**The data**
────────────────

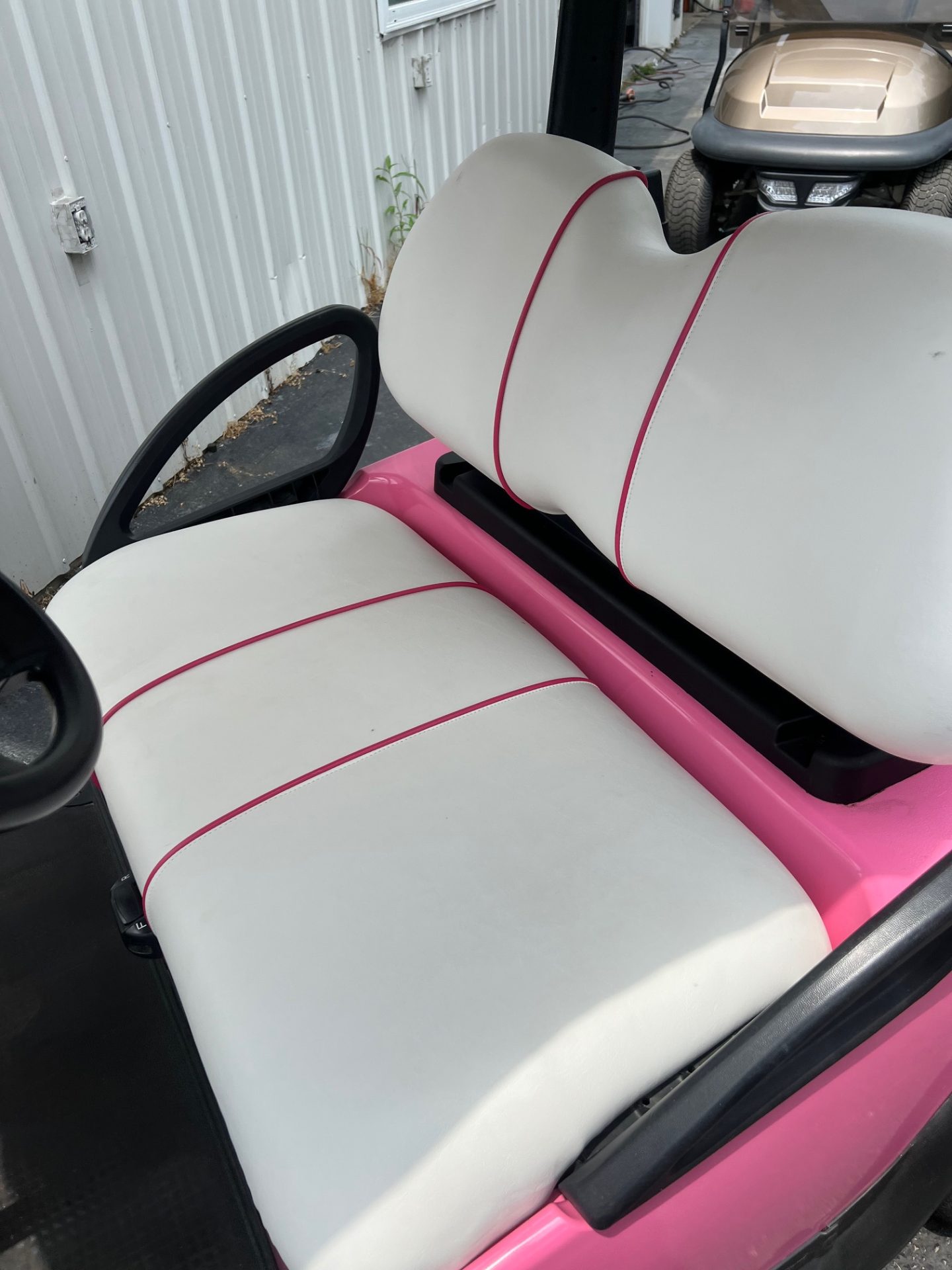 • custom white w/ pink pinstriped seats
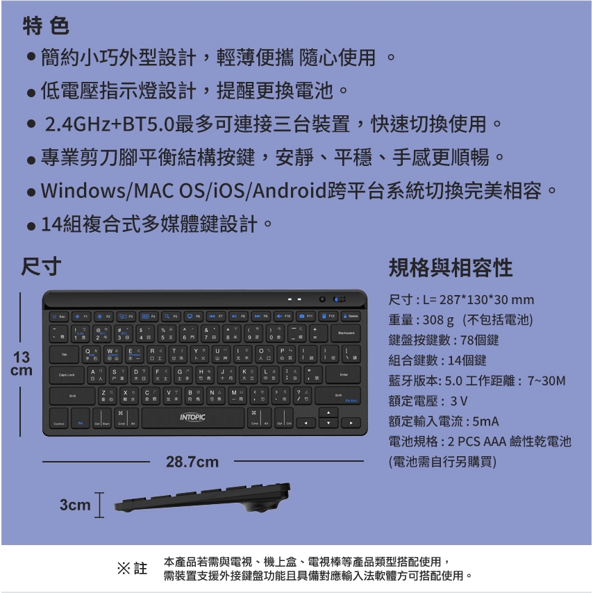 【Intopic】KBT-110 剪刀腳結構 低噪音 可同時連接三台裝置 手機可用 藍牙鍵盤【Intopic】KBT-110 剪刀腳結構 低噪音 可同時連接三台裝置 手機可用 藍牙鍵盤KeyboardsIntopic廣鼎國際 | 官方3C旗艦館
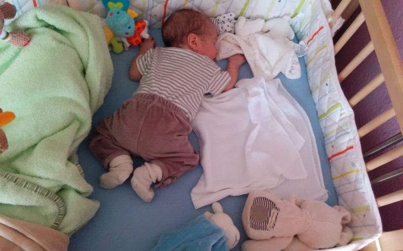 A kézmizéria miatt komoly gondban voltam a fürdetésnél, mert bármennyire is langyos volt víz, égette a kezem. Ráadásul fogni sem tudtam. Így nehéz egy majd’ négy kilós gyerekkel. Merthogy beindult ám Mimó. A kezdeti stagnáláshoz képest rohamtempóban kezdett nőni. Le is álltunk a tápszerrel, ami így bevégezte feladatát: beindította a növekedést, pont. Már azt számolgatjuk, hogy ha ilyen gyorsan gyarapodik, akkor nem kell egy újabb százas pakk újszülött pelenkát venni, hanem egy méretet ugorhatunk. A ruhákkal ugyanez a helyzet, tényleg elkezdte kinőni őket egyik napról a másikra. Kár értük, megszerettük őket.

────────────────

**Exercise prompt**
Write out verbatim the lines from the one containing "藍牙鍵盤KeyboardsIntopic廣鼎國際 | 官方3C旗艦館" through the last line of the listing above, and no other lines; omit pictures.

**Solution to this task**
 【Intopic】KBT-110 剪刀腳結構 低噪音 可同時連接三台裝置 手機可用 藍牙鍵盤【Intopic】KBT-110 剪刀腳結構 低噪音 可同時連接三台裝置 手機可用 藍牙鍵盤KeyboardsIntopic廣鼎國際 | 官方3C旗艦館
 A kézmizéria miatt komoly gondban voltam a fürdetésnél, mert bármennyire is langyos volt víz, égette a kezem. Ráadásul fogni sem tudtam. Így nehéz egy majd’ négy kilós gyerekkel. Merthogy beindult ám Mimó. A kezdeti stagnáláshoz képest rohamtempóban kezdett nőni. Le is álltunk a tápszerrel, ami így bevégezte feladatát: beindította a növekedést, pont. Már azt számolgatjuk, hogy ha ilyen gyorsan gyarapodik, akkor nem kell egy újabb százas pakk újszülött pelenkát venni, hanem egy méretet ugorhatunk. A ruhákkal ugyanez a helyzet, tényleg elkezdte kinőni őket egyik napról a másikra. Kár értük, megszerettük őket.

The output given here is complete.